310 reviews108 followers
June 10, 2021
A collection of modernist prose pieces in the tradition of ‘The Dance of Death'. The staccato titles such as ‘Old Man’, ‘Midday’, ‘Mother’, and ‘Whore’ indicate the person and the location, the manner in which they expire differing in each case, from those who are resigned or fearful to others oblivious of their imminent fate.

Although most of the seventeen pieces are just a few pages long, their rich language and evocative prose give them an intensity and depth of longer works. Much of the tale is in its ‘scene setting’, Croissant-Rust builds up to the moment with great care and acute observation with an almost romantic use of nature symbolism. This ranges from the grandeur of 'the great outdoors'; “He looks up. Above him is a little dark cloud, motionless, The light sprays around it like a phosphorescent ring, turning pale and dull at the edge of the sky. He strides on, then looks up once more. Again the cloud, again it is above him. Is it not growing larger, is it not coming closer?” (‘The Bird’) through the rural farming environment; “Flashing scythes move across the field and girlish laughter resounds amid the jubilant larks…” (’Harvest’), to the more intimate setting of the garden, ’Old Man’ and ’White Roses’.

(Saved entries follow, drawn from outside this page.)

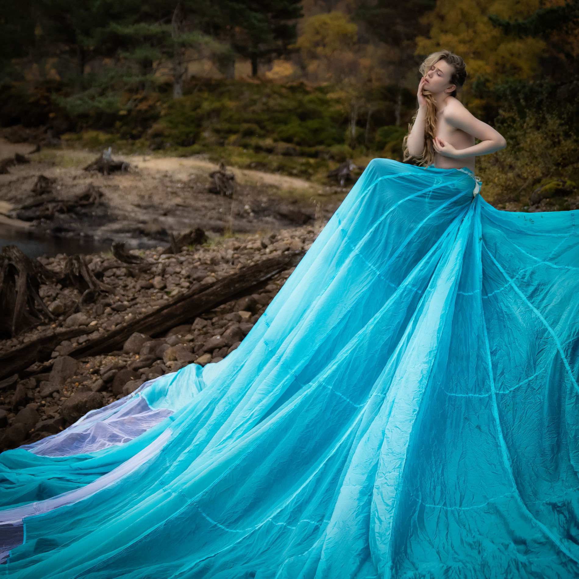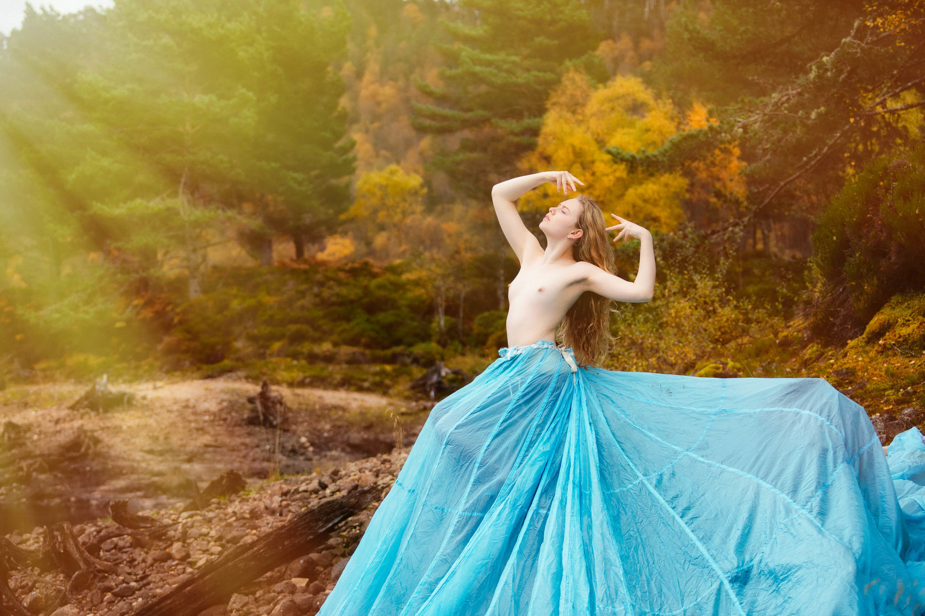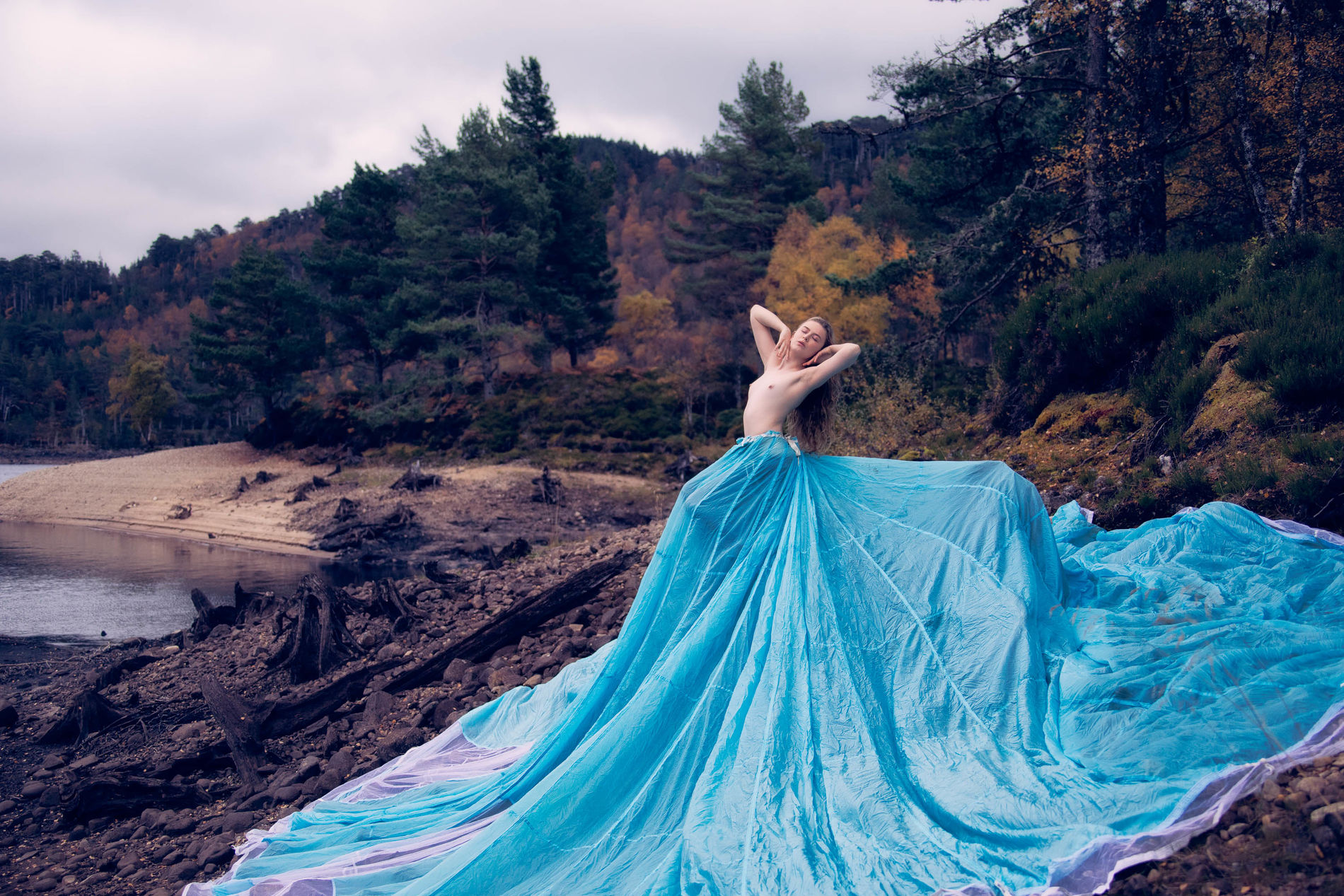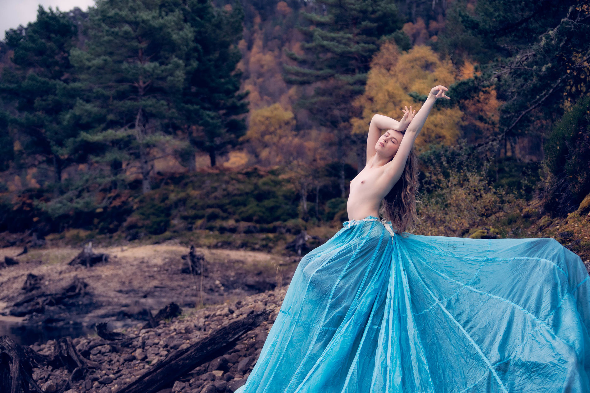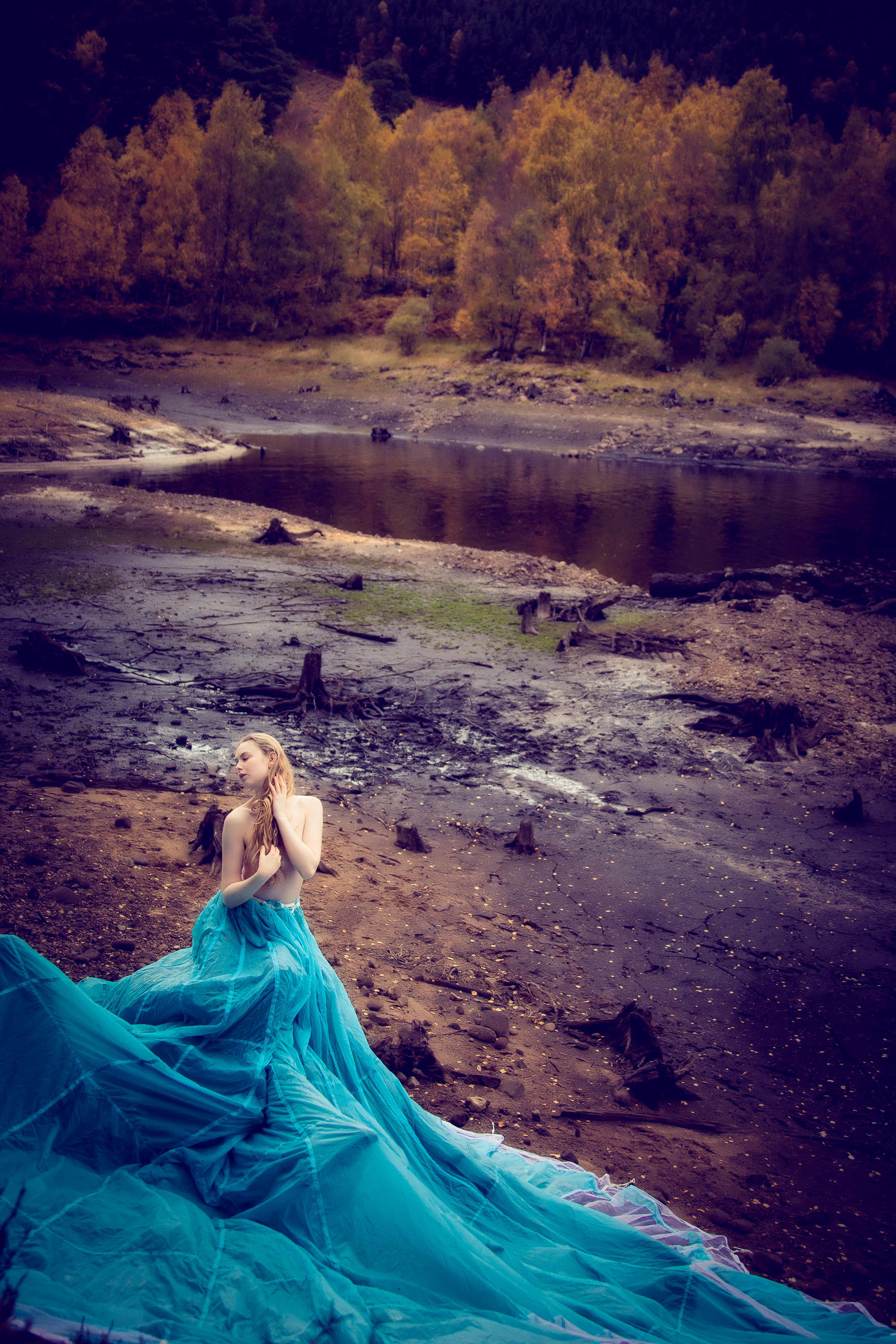 Блондинка среди ветреных холмов Шотландии
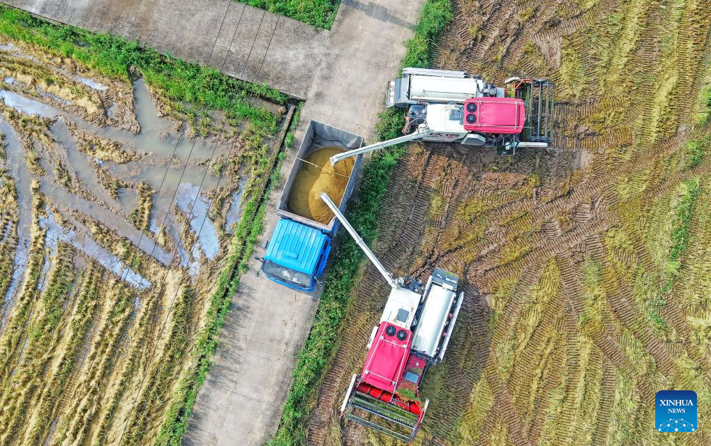 An aerial drone photo taken on July 15, 2025 shows villagers loading harvested rice in a field in Xiage Town of Xianju County, Taizhou City of east China's Zhejiang Province. (Photo by Wang Huabin/Xinhua)
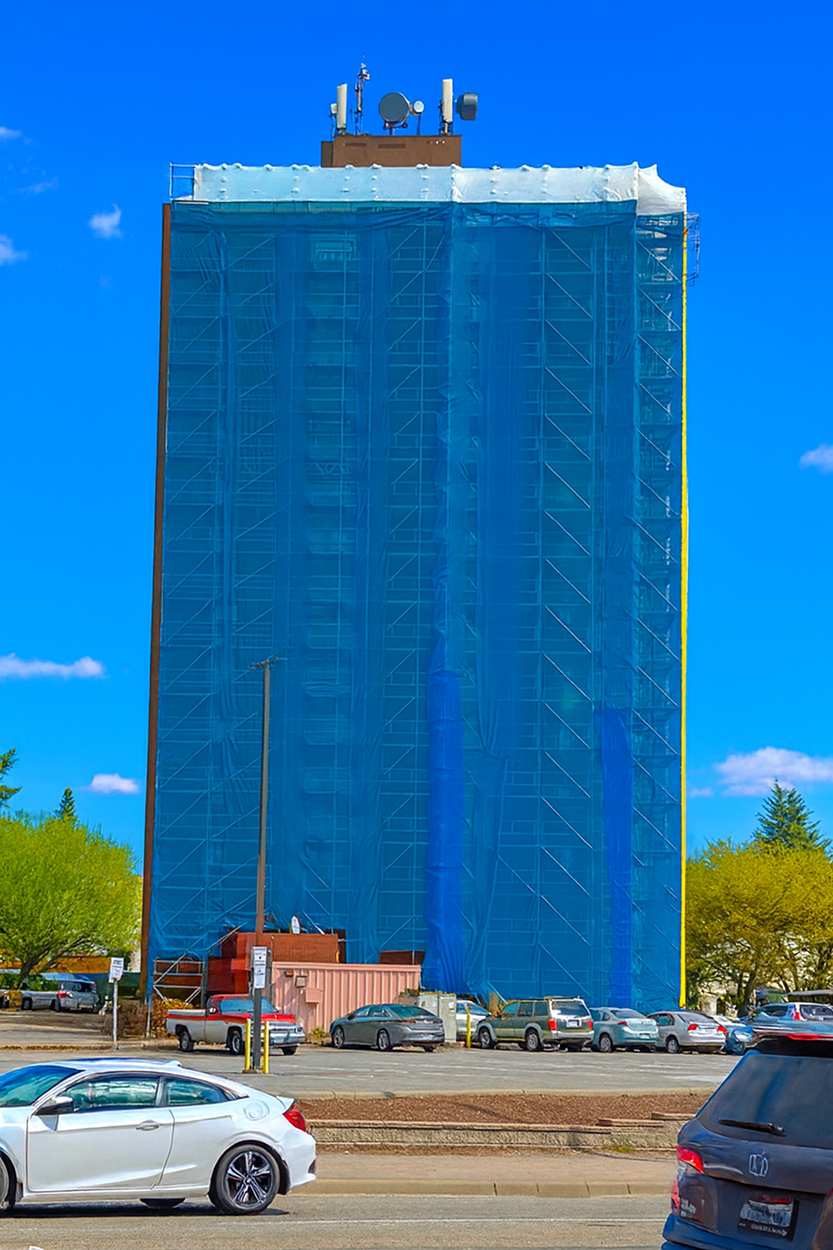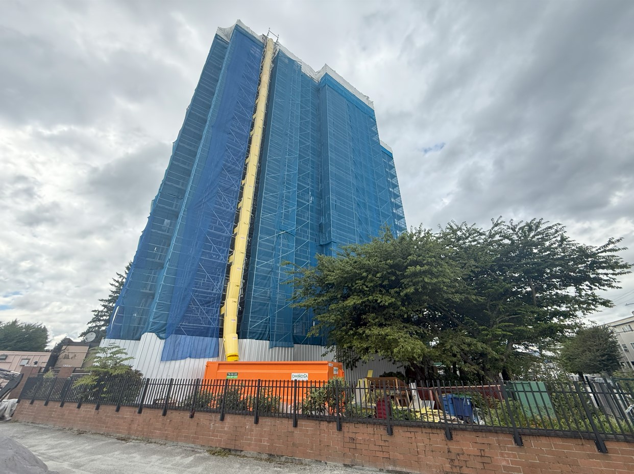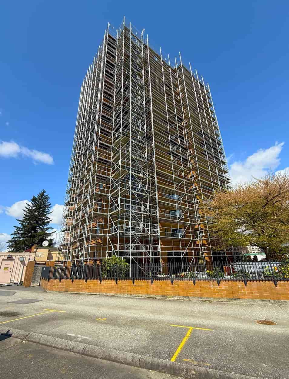 Residential high-rise in Maple Ridge, BC scaffolded with North Scaffold Products’ Ringlock system, including stair towers, debris mesh, and garbage chutes to provide enclosed, safe exterior access for renovation work.

In less poetic hands these could so easily become mawkish or cloying in the manner of typical Victorian novels, but potential tropes such as a fevered little girl in ‘Corn Mother’ or multiple child deaths in 'Dark Night become more ‘folk-horror' or Maupassant style Conte Cruel rather than Dickens sentimental or bathetic.

Croissant-Rust’s urban-based tales are equally imaginative. A lonely young man in a cafe stares at the clock and watches his life tick away; a factory becomes its own malevolent entity; a young woman experiences a literal dance of death while another expires in her lonely self-absorption. The symbolism is perhaps obvious but the vibrant language carries it off well.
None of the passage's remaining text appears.